Salisbury Town Website
Welcome to Salisbury, Connecticut, nestled in the Northwest corner of the state, at the foot of the Berkshire Mountains. Bordered by Great Barrington, Massachusetts to the north and Millerton, New York to the west, Salisbury covers approximately 60 square miles. The name Salisbury applies to the town as a whole, but within the town there are several distinct divisions -- Salisbury, Taconic, Lakeville, Lime Rock, and Amesville. These towns have close connections with the businesses and community organization in neighboring Sharon and Canaan. It is home to 4,200 year-round residents but swells to almost 10,000 during the summer months.

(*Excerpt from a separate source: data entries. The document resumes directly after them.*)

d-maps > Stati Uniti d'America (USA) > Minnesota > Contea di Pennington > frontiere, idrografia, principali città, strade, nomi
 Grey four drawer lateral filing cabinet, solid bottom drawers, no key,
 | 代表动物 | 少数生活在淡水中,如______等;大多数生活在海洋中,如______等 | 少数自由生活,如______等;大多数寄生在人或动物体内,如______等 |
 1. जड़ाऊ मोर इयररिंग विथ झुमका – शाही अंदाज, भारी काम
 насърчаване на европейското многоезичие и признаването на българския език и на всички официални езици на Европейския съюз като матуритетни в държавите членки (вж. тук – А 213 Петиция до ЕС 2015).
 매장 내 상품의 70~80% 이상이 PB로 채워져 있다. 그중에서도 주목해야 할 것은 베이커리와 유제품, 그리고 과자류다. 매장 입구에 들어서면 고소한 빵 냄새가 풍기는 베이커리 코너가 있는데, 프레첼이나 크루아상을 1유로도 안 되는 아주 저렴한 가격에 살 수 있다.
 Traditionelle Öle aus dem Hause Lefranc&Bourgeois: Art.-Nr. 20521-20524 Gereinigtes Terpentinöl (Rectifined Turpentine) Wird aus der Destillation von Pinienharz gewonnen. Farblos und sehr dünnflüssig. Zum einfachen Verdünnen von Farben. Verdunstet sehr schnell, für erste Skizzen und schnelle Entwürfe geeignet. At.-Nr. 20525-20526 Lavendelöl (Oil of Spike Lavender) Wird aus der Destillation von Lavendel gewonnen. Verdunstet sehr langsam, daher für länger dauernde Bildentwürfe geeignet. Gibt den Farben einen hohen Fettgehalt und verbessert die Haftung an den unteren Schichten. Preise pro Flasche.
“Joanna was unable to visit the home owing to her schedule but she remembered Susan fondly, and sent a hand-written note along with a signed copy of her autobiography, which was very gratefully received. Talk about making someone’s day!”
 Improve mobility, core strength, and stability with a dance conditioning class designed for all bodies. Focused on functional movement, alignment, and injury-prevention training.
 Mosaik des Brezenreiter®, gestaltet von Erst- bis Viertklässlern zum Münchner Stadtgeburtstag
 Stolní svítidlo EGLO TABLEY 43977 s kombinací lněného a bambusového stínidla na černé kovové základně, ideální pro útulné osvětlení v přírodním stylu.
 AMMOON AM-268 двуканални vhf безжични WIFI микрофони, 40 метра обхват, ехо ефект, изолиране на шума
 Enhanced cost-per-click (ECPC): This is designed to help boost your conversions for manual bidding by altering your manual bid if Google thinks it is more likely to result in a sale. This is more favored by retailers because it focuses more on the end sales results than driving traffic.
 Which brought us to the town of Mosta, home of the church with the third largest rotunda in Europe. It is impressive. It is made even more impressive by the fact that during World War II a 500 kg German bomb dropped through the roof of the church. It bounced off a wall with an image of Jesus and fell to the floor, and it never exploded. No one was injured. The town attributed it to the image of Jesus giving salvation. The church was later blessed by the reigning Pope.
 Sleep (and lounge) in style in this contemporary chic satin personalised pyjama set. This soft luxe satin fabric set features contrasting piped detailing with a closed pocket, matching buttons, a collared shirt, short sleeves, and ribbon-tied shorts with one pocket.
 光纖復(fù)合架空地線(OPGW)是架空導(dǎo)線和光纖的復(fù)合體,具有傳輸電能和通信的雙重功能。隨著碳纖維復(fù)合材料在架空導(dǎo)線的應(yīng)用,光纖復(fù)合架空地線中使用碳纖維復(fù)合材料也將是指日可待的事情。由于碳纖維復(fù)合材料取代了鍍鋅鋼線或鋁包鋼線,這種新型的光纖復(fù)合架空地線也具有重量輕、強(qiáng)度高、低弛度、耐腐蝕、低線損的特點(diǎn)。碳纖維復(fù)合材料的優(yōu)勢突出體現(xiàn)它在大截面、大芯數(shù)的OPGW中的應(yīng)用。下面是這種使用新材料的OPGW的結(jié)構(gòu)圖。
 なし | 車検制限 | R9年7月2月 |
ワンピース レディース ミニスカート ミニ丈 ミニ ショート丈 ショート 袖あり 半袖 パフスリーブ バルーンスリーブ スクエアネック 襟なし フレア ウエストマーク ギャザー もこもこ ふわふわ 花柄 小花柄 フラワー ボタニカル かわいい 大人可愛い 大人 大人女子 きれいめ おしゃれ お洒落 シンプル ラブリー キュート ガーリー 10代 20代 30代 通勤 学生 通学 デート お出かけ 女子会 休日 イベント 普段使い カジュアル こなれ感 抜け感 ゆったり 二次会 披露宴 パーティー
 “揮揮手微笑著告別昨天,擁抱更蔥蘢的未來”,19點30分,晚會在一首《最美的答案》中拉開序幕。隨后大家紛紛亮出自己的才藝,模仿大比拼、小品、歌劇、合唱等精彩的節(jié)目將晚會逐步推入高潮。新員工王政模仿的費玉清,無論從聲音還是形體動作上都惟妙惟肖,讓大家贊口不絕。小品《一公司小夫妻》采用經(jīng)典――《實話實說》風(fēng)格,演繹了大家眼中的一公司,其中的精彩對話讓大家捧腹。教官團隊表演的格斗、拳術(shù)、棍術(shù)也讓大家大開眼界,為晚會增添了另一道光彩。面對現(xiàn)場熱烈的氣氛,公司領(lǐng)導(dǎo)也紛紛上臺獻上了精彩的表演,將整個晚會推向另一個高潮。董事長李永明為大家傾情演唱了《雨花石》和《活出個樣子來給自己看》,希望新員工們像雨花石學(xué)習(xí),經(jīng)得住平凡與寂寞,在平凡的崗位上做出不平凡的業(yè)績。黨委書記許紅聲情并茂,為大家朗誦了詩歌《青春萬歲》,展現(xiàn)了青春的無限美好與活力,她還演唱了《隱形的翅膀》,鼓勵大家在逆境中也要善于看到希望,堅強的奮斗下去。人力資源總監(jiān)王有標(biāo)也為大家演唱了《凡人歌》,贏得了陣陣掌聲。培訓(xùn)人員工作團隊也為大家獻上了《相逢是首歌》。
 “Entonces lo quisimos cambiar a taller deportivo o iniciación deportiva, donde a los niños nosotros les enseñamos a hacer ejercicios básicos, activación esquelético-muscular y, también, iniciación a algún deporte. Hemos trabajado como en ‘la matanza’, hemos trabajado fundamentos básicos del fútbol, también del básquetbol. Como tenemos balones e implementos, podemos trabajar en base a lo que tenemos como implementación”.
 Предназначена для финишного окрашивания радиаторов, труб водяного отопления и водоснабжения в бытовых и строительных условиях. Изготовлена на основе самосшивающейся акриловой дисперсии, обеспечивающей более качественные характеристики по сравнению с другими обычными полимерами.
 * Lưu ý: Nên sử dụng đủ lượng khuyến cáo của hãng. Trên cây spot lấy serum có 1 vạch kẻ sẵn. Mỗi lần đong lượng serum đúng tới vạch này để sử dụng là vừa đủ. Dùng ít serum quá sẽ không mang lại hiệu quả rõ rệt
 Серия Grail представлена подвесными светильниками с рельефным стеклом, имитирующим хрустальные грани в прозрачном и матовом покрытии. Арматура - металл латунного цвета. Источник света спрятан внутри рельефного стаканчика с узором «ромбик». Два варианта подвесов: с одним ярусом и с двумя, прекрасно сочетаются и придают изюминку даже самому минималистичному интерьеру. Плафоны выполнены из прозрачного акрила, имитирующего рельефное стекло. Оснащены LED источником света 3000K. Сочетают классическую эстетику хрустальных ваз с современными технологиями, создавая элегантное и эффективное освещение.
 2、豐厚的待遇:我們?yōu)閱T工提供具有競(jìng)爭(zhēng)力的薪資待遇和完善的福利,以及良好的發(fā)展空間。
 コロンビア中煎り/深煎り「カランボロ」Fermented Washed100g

Located just 2 1/2 hours north of New York City, Salisbury is home to many "weekenders" and part-time residents. It is, perhaps, most famous for its historic local ore and forges. Its iron industry helped support the Revolution War and the War of 1812 with the production of cannons and cannonballs. The first blast furnace in Connecticut was built in Lakeville in 1762. Today the town is largely residential and its largest single "industry" is private education, with two prep schools -- Hotchkiss and Salisbury -- within its borders, along with a private primary school and a private middle school -- Indian Mountain and its' Town Hill campus. Public recreational and cultural facilities include the Town Grove, with its access to Lake Wononscopomuc; O'Hara's Landing on Twin Lakes; hiking on Mount Riga and the Appalachian Trail; the Scoville Memorial Library, the country's oldest public library; the Cannon Museum, and the Holley House, an historical museum focusing on womens studies. Lime Rock Race Track is the biggest and best known autoracing centers in the East and the site of several major races each summer and fall. The Northeast Champion Ski Jumps are held annually in Salisbury.